If I create a dataframe:
df = pd.DataFrame({'ID':[1,2,3,4,5,6,7,8,9,10],
'Run Distance':[234,35,77,787,243,5435,775,123,355,123],
'Goals':[12,23,56,7,8,0,4,2,1,34],
'Gender':['m','m','m','f','f','m','f','m','f','m']})
And then apply the 'where' function:
df2 = df.where(df['Goals']>10)
I get the following which filters out the results where Goals > 10, but leaves everything else as NaN:
Gender Goals ID Run Distance
0 m 12.0 1.0 234.0
1 m 23.0 2.0 35.0
2 m 56.0 3.0 77.0
3 NaN NaN NaN NaN
4 NaN NaN NaN NaN
5 NaN NaN NaN NaN
6 NaN NaN NaN NaN
7 NaN NaN NaN NaN
8 NaN NaN NaN NaN
9 m 34.0 10.0 123.0
If however I use the 'loc' function:
df2 = df.loc[df['Goals']>10]
It returns the dataframe subsetted without the NaN values:
Gender Goals ID Run Distance
0 m 12 1 234
1 m 23 2 35
2 m 56 3 77
9 m 34 10 123
So essentially I am curious why you would use 'where' over 'loc/iloc' and why it returns NaN values?
Think of loc as a filter - give me only the parts of the df that conform to a condition.
where originally comes from numpy. It runs over an array and checks if each element fits a condition. So it gives you back the entire array, with a result or NaN. A nice feature of where is that you can also get back something different, e.g. df2 = df.where(df['Goals']>10, other='0'), to replace values that don't meet the condition with 0.
ID Run Distance Goals Gender
0 1 234 12 m
1 2 35 23 m
2 3 77 56 m
3 0 0 0 0
4 0 0 0 0
5 0 0 0 0
6 0 0 0 0
7 0 0 0 0
8 0 0 0 0
9 10 123 34 m
Also, while where is only for conditional filtering, loc is the standard way of selecting in Pandas, along with iloc. loc uses row and column names, while iloc uses their index number. So with loc you could choose to return, say, df.loc[0:1, ['Gender', 'Goals']]:
Gender Goals
0 m 12
1 m 23
If check docs DataFrame.where it replace rows by condition - default by NAN, but is possible specify value:
df2 = df.where(df['Goals']>10)
print (df2)
ID Run Distance Goals Gender
0 1.0 234.0 12.0 m
1 2.0 35.0 23.0 m
2 3.0 77.0 56.0 m
3 NaN NaN NaN NaN
4 NaN NaN NaN NaN
5 NaN NaN NaN NaN
6 NaN NaN NaN NaN
7 NaN NaN NaN NaN
8 NaN NaN NaN NaN
9 10.0 123.0 34.0 m
df2 = df.where(df['Goals']>10, 100)
print (df2)
ID Run Distance Goals Gender
0 1 234 12 m
1 2 35 23 m
2 3 77 56 m
3 100 100 100 100
4 100 100 100 100
5 100 100 100 100
6 100 100 100 100
7 100 100 100 100
8 100 100 100 100
9 10 123 34 m
Another syntax is called boolean indexing and is for filter rows - remove rows matched condition.
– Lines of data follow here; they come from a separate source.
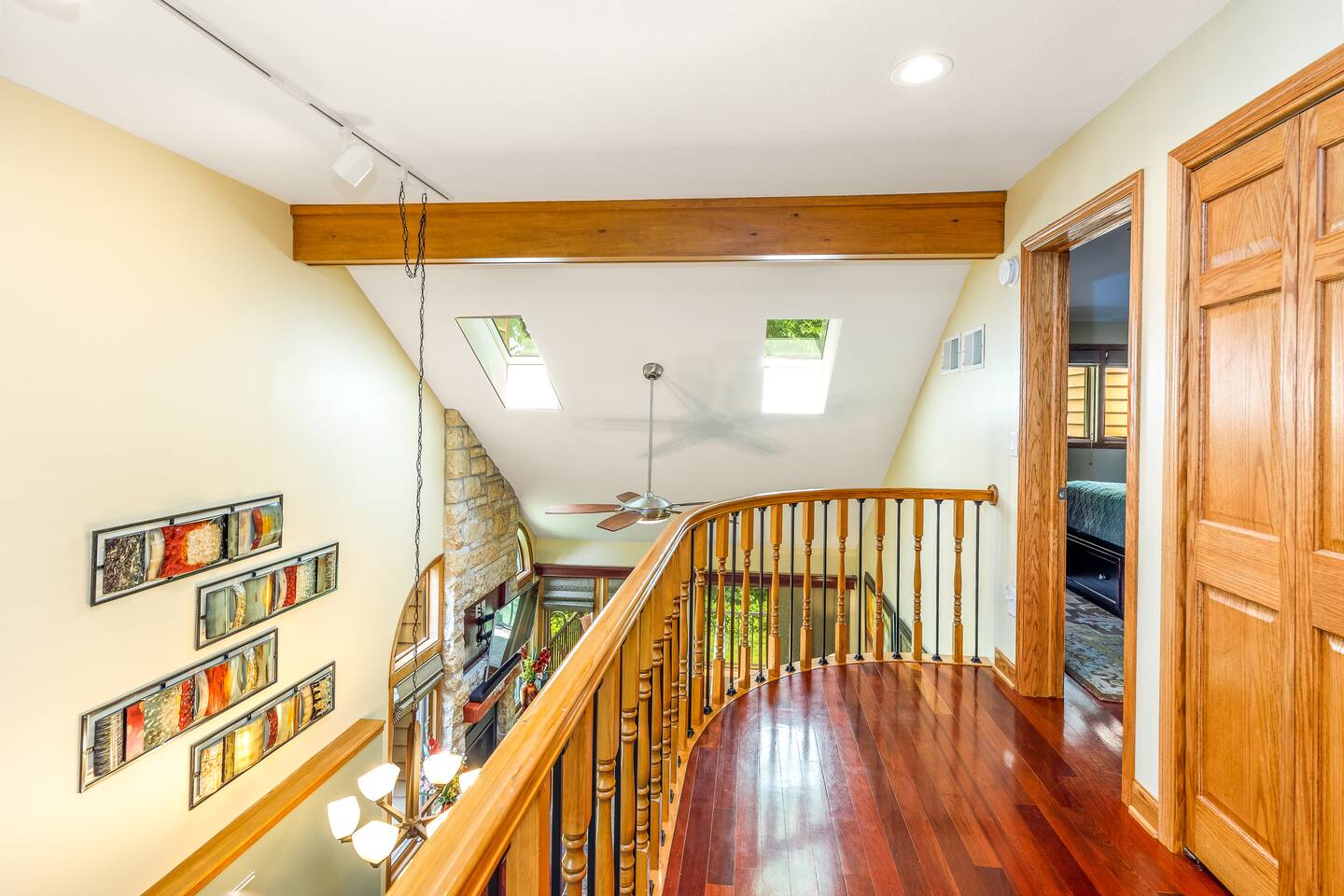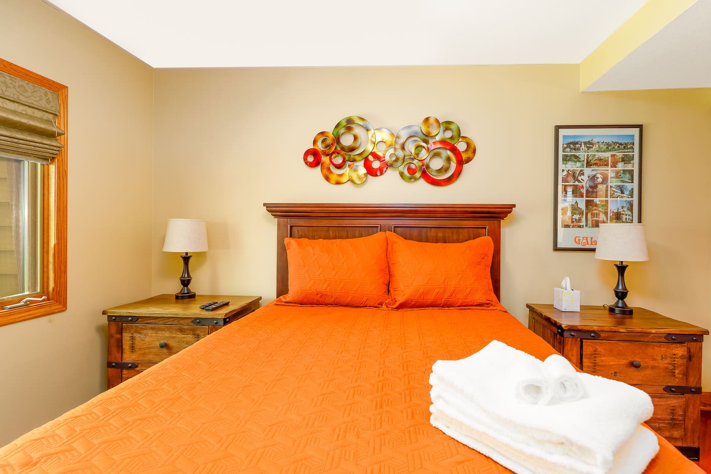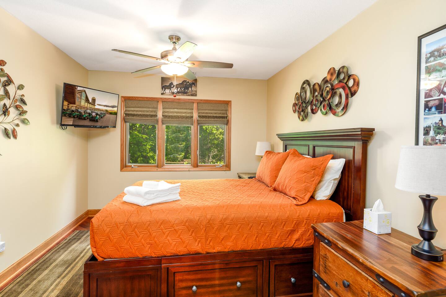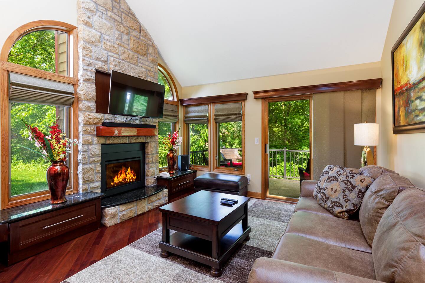 *Only 7 min drive to Galena Territory Owners Club and 12 min to downtown Galena. ***What sets us apart*** - 5-star hospitality - Response within minutes, not hours :) - Premium & sustainable personal care products from Public Goods - High cleaning standards - Quality and comfortable bedding and towels - A fully stocked kitchen, gas fireplace, board games, fast Wi-Fi, streaming-enabled TVs, and so much more - An unbeatable location to relax surrounded by nature or easily access the best of Galena Country The Oak Glen Country Townhome is a charming 1030 sq ft, two-level 2 bedroom, 2 bathroom home that offers a cozy space that comfortably sleeps 4 guests, with an additional pullout couch that can accommodate 2 additional guests. Each bedroom has its own en-suite bathroom. Sleeping Areas: we provide all linens and comfortable bedding. - BEDROOM 1 (main level): 1 queen bed, plus a closet, ceiling fan, direct access to the main floor bathroom, plus a Roku-enabled Sony smart TV - BEDROOM 2 (upper level): 1 king bed, plus a Roku-enabled Sony smart TV, closet, ceiling fan, private access to the upper floor bathroom - Pullout leather couch (main level): 1 queen bed Bathrooms: we provide plush towels (e.g., bath towel, hand towel, wash cloth, makeup towel) and premium, sustainable personal care products from Public Goods (e.g., shampoo, conditioner, body wash, lotion, hand soap). Separate pool towels are stored in the loft area. - BATHROOM 1: full bath - BATHROOM 2: full bath Kitchen: fully stocked with quality pots, pans, utensils, and spices plus a charcoal grill. We also provide an initial supply of Keurig coffee pods, ground coffee, creamer, tea, condiments (e.g., ketchup, mayo, mustard), trash bags, laundry detergent pods, etc. Longer stays or a large number of guests will need to bring extra. Entertainment: you can enjoy some of the most popular, family-friendly board games (e.g., Ticket to Ride, Monopoly, Uno, Jenga); 3 streaming enabled smart TVs in living room and both bedrooms; sound system support bluetooth music streaming. Living Room/Dining Area: enjoy a great open space with vaulted ceiling. Dinner area comfortably sits 6 guests. Cozy around for board games, movies, and conversations. Porch: comfy outdoor furniture plus a gas grill. Enjoy lounging outside under the umbrella, surrounded by lush green and beautiful bird singing. Parking: each reservation comes with 2 parking spots right in front of the unit. *For your and our safety, the home is equipped with a security camera near the entrance door facing the parking lot.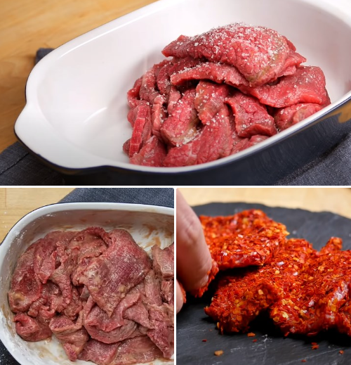 Cuối cùng cho từng miếng bò lăn qua bột ớt khô.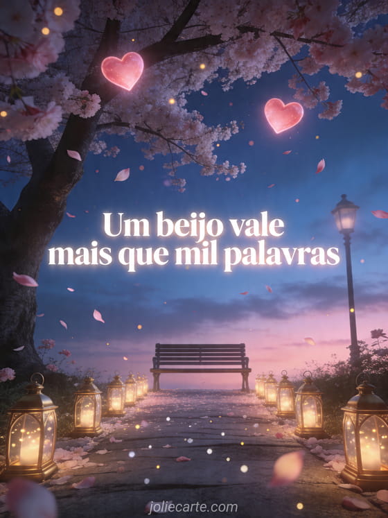 Celebre o amor com este cartão grátis com citação de beijo inspirado em luz de lanternas, flores de cerejeira e um caminho de sonho ao entardecer. Veja também página beijo carinhoso, ternura coração beijos boa noite ou imagem beijos carinhosos.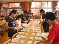今日はあいにくの雨模様ですが、朝ご飯を美味しく食べて、午前中の活動のマリンアートスタートしました!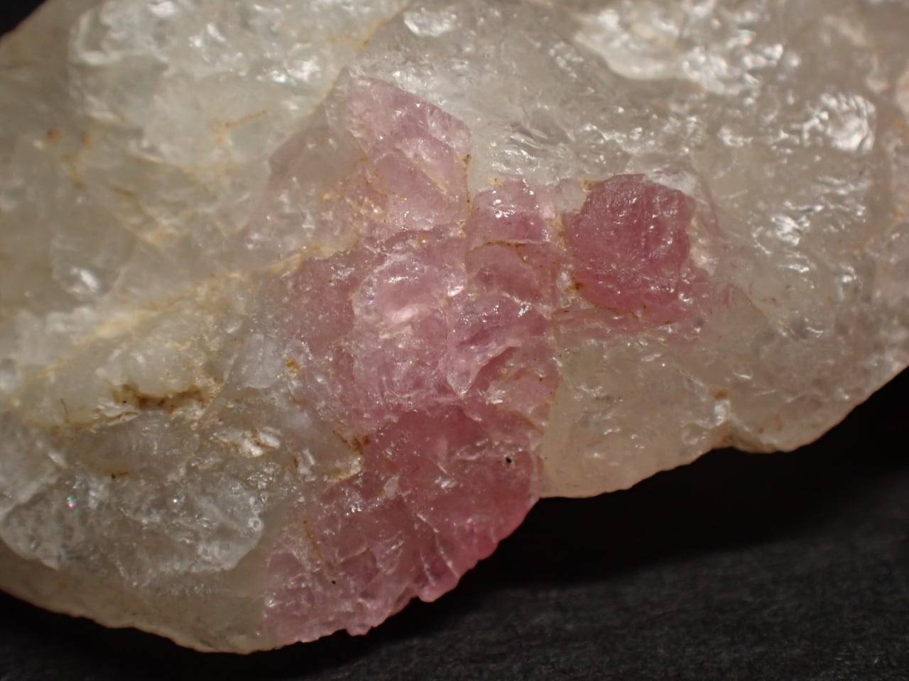 ピンク色の鉱物がエルバイト、白色の鉱物が石英です。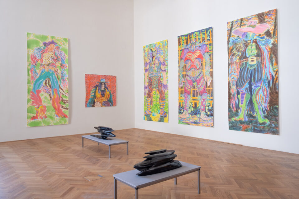 Marc Truckenbrodt’s graphic art typically engages with his immediate surroundings; his observations and reflections often inspire narratives and comic strips without words that blend a compelling light touch with profound insights. For Behauptung [Assertion], his thesis project, which Truckenbrodt executed in colored ink on paper, he chose to grapple with the subject of power, including its contradictions, necessities, and dangers, and selected a comparatively large format: the beholders encounter five larger-than-life figures whose stature and demeanor at first blush suggest superheroes – closer inspection, however, reveals details through which the artist has endowed his characters with a productive ambivalence.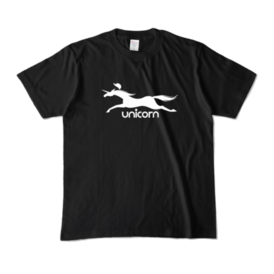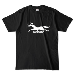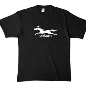 カラーTシャツ - XL - ブラック (濃色)まるで日本人大リーガーのような雄大な姿で、大きく四肢を伸ばしダイナミックにターフを駆け抜けるユニコーンをデザインしました 淡色ボディ用のユニコーン(黒)もあります この商品はpixivFACTORYで作られた商品です。サンプル画像は完成イメージのため、実物と異なる場合があります。

df2 = df.loc[df['Goals']>10]
#alternative
df2 = df[df['Goals']>10]
print (df2)
ID Run Distance Goals Gender
0 1 234 12 m
1 2 35 23 m
2 3 77 56 m
9 10 123 34 m
If use loc is possible also filter by rows by condition and columns by name(s):
s = df.loc[df['Goals']>10, 'ID']
print (s)
0 1
1 2
2 3
9 10
Name: ID, dtype: int64
df2 = df.loc[df['Goals']>10, ['ID','Gender']]
print (df2)
ID Gender
0 1 m
1 2 m
2 3 m
9 10 m
loc retrieves only the rows that matches the condition.
where returns the whole dataframe, replacing the rows that don't match the condition (NaN by default).